How to Protect Your Small Business From a Cyber Attack
Forbes recently alerted entrepreneurs to data showing a record number of cyber attacks on small businesses. The 2012 report by Verizon reveals that 71 percent of the 855 data breaches examined happened to businesses with 100 or fewer employees. It also suggests that small businesses are especially vulnerable.
Is your company at risk?
As Forbes points out, even visiting legitimate websites can expose you to malware that may be used by hackers to access sensitive information. Meanwhile, unsecured company laptops and other devices, as well as tools such as WordPress blogs set up by developers, can expose you to cyber attacks.
Here are a few ways to protect your data and, as a result, your business.
- Use the security tools already at your disposal. PCWorld reminds small-business owners that they already have various tools to prevent cyber attacks, provided they use them. By limiting the number of employees given administrator accounts, protecting each account with a different strong password, and setting software restrictions on existing computers and networks, you can greatly reduce your vulnerabilities. The Huffington Post recommends creating a security policy and educating and monitoring employees to ensure they aren’t putting your business at risk.
- Choose and use a firewall. Firewalls are like home security systems for your computers. They control the data coming in and out to prevent unauthorized access to your network. The U.S. Computer Emergency Readiness Team provides a detailed guide to both hardware and software firewalls, as well as configuration settings that can be used to reduce your chances of an attack.
- Have a mobile device action plan. The Federal Communications Commission provides a comprehensive online resource, the Small Biz Cyber Planner 2.0, to help you create a custom cyber security plan. The FCC also offers a Cyber Security Tip Sheet [PDF] that addresses issues related to mobile devices: Its recommendations include encrypting data, installing security apps on mobile devices used to handle confidential information, instituting procedures for reporting lost or stolen equipment, and using passwords on work phones.
- Be smart about web browsing and email security.

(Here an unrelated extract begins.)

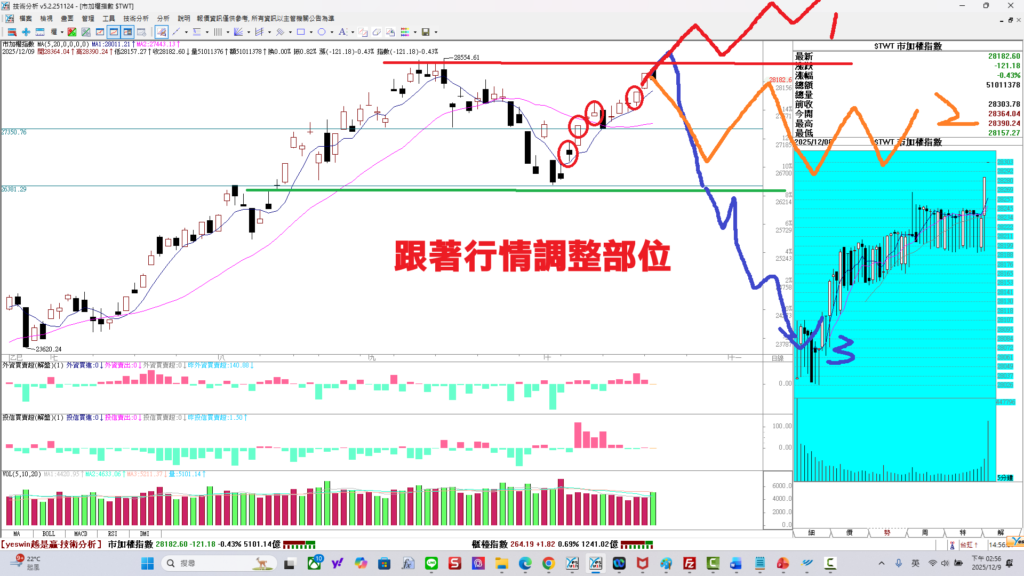 大家早安,台股昨天小跌 121點,開高走低,台股將近前高的位置 收黑K,黑K表示有可能回檔,看他回檔到哪邊。目前市場是台幣熱錢進入台股走勢上漲,外資買超,政府作多,有利上漲。行情比想像中的強。我覺得最好的方式不是預測正確,而是贏在修正。用試探性交易法,看錯停損,看對抱住,並且加碼買更多,這是最好的做法。

The Department of Homeland Security advises keeping browser and other software security updates current. It also suggests paying careful attention to the URLs of the websites you visit to make sure they are legitimate (in other words, don’t mistake a .org for a .com site, etc.). As far as email goes, the feds suggest scanning all attachments with an anti-virus app and turning off the automatic downloading of attached files.
- Know who you’re working with. Research your options for the best cloud-based storage providers with an eye toward security. Be smart about choosing web designers and outside IT professionals who will have access to your computers and accounts. Check their security credentials and references to ensure they are trustworthy.